--- Records contained in a dataset ---
═══

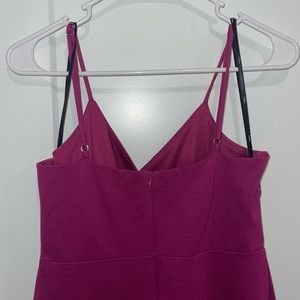Stretchy knit spandex dress with knit lining. Adjustable straps and form fitting silohette.
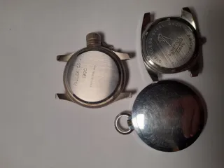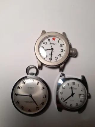 3 orologi da usare come ricambi o da riparare. Un tasca Con Cassa in acciaio Credo monoblocco, mortima Marciante ma non preciso 35 Condizzioni estetiche ottime Soviet con grande cassa in metallo da 45 mm compreso copri corona, Funzionava bene, poi se. Staccato il rubino del bilanciere e ha smesso di funzionare Venduti in blocco non faccio sconti. Astenersi soliti e inutili perditempo !!@
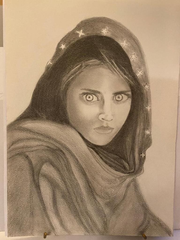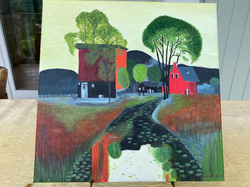 Elisabeth Dancet G SeuratElisabeth Dancet V KandinskyElisabeth Dancet L’Afghane : portrait au crayon d’après la célèbre photo de Steve McCurryElisabeth Dancet Le village où la rivière se rétrécit » : tableau à l’acrylique, d’après le peintre contemporain suédois Stig Eklund
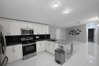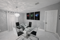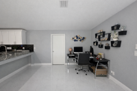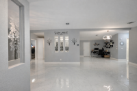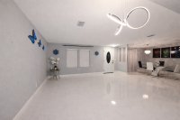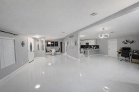 The 200-square-foot ceramic-tiled screened entry foyer welcomes you into the main residence, where you are immediately greeted by a breathtaking open-concept layout. The oversized living room, formal dining area, kitchen, and office space are finished with crisp white drywall, bright white ceilings, shiny ceramic tile floors, and ultra-modern lighting throughout.
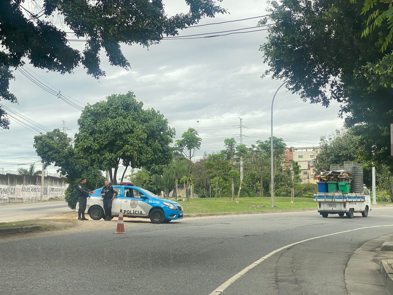 Uma viatura da Polícia Militar reforça o policiamento no entorno do shopping Nova América, na Zona Norte do Rio, local onde ontem um entregador de 28 anos foi baleado na cabeça durante um assalto, na noite desta terça-feira (06).
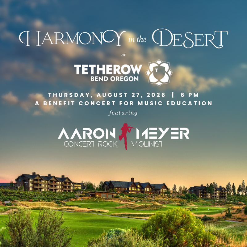 “Harmony” is coming to Bend, Oregon this August. Plan for an evening of stunning views surrounded by the uplifting music of Concert Rock Violinist Aaron Meyer. Aaron, his virtuosic band, and mentored students from Concert Rock Academy will perform outdoors on the green at Tetherow Resort.
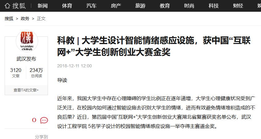 近年来,我国大学生中存在心理障碍的学生比例正在逐年递增,大学生心理健康状况受到广泛关注,在校园内如何通过智能设施去识别大学生的情绪,进而有效避免情绪堆积造成的不良后果?近日,第四届中国“互联网+”大学生创新创业大赛湖北省复赛获奖名单公布,开云kaiyun官方网站 5名学子设计的校园智能情绪感应设施一举夺得主赛道金奖。

═══

--- AIM OF THE EXERCISE ---
What the answer needs is every line from the one containing "at Tetherow Resort." through the final line of the data above, copied exactly, without pictures.

--- RESULT OF THIS TASK ---
 “Harmony” is coming to Bend, Oregon this August. Plan for an evening of stunning views surrounded by the uplifting music of Concert Rock Violinist Aaron Meyer. Aaron, his virtuosic band, and mentored students from Concert Rock Academy will perform outdoors on the green at Tetherow Resort.
 近年来,我国大学生中存在心理障碍的学生比例正在逐年递增,大学生心理健康状况受到广泛关注,在校园内如何通过智能设施去识别大学生的情绪,进而有效避免情绪堆积造成的不良后果?近日,第四届中国“互联网+”大学生创新创业大赛湖北省复赛获奖名单公布,开云kaiyun官方网站 5名学子设计的校园智能情绪感应设施一举夺得主赛道金奖。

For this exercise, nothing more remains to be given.